The coast of Africa, both north and south of the equator, greatly modifies the force and direction of the winds. On the southern coast the wind blows lightly, in a sea-breeze from the southwest. But at the distance of one hundred miles from the land, it begins gradually to veer round, as it connects itself with the S. E. trades. A line drawn on the chart, from the southern tropic, in 5° east to the lat. of 5° south, may be regarded as the eastern boundary of the southeast trade-winds. Hence a vessel, as in the case of the Perry, on her first passage to the southern coast, when in 10° south and 20° west, on going about and standing for the African coast by the wind, although she at first will not be able to head higher than N. E., will gradually come up to the eastward as the wind veers to the southward; until it gradually hauls as far as S. W., and even W. S. W.—enabling her to fetch Benguela in 12° 34´ south lat., although on going about she headed no higher than Prince’s Island in 1° 20´ north lat.

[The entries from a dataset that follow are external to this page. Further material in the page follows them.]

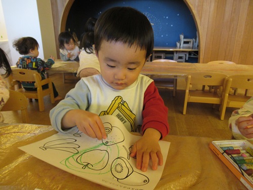 クレヨンで塗り込んでいる様子も見られ、好きな色を選んで取り組んでいました🖍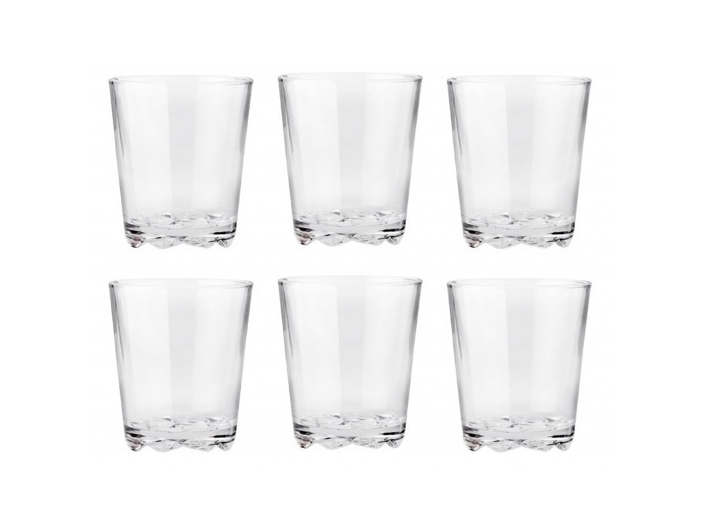 Každá sklenice je vyrobena z kvalitního strojově foukaného skla, což zajišťuje jejich odolnost a dlouhou životnost. Objem jedné sklenice je 250 ml, ideální pro vodu, džusy či whisky.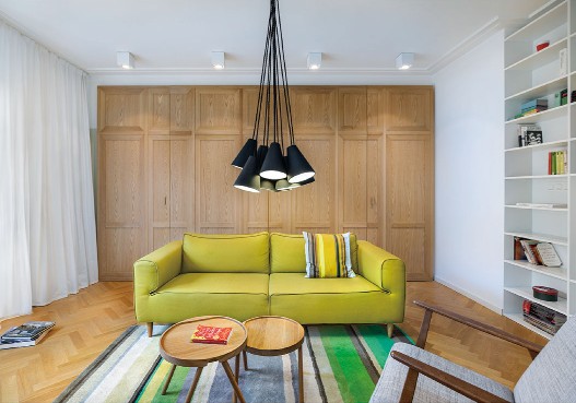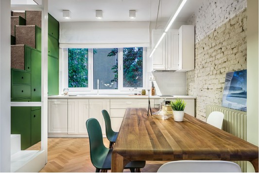 這是一間位于保加利亞的公寓,從結(jié)構(gòu)、模式甚至是顏色來(lái)看,這間公寓似乎比較單調(diào),很難找到出彩之處??蛷d里,最搶眼的也只不過(guò)是一張青綠色的普通沙發(fā),還有一"盞"頗具創(chuàng)意的吊燈。整個(gè)空間色調(diào)都是綠自搭配,綠色給人清新舒暢的感覺(jué),而白色則像純真潔凈的微笑那般干凈。其實(shí),公寓是一個(gè)開(kāi)放性的大房間,沒(méi)有門(mén)或者隔板,卻把每個(gè)空間都劃分完整;綠色的閣樓樓梯,看似是—個(gè)個(gè)收納柜,但設(shè)計(jì)師把廚房的電器都藏在樓梯柜里,省略了空間位置,又美觀實(shí)用;更隱秘的是,在卡其色書(shū)柜的后面是一個(gè)書(shū)房,而白色書(shū)柜后面則是一個(gè)單獨(dú)的臥室。空間簡(jiǎn)而不單,打破常規(guī)設(shè)計(jì),結(jié)合空間的地理特點(diǎn),給平凡的生活制造點(diǎn)驚喜。
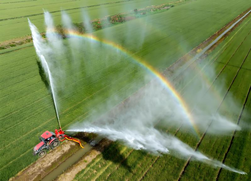 5月2日,正值冬小麥進入開花灌漿關鍵期,江蘇省農墾白馬湖農場調集10多臺噴水機進行分區抗旱作業,確保近5萬畝冬小麥增產增收。圖為工作人員駕駛噴水機對麥田進行噴灌作業。賀敬華 攝 (視覺江蘇網供圖)

On the entire intertropical coast of Africa, it may be said that there are but two seasons, the rainy season and the dry season.
On the southern coast, the rainy season commences in November, and continues until April, although the rains are neither as frequent nor as heavy as on the northern coast, where they commence in May and continue through the month of November.
The months of March and April are the most unhealthy seasons on the southern coast, arising probably from the exhalations of the earth, which are not dispelled by the light sea-breezes prevailing at this period.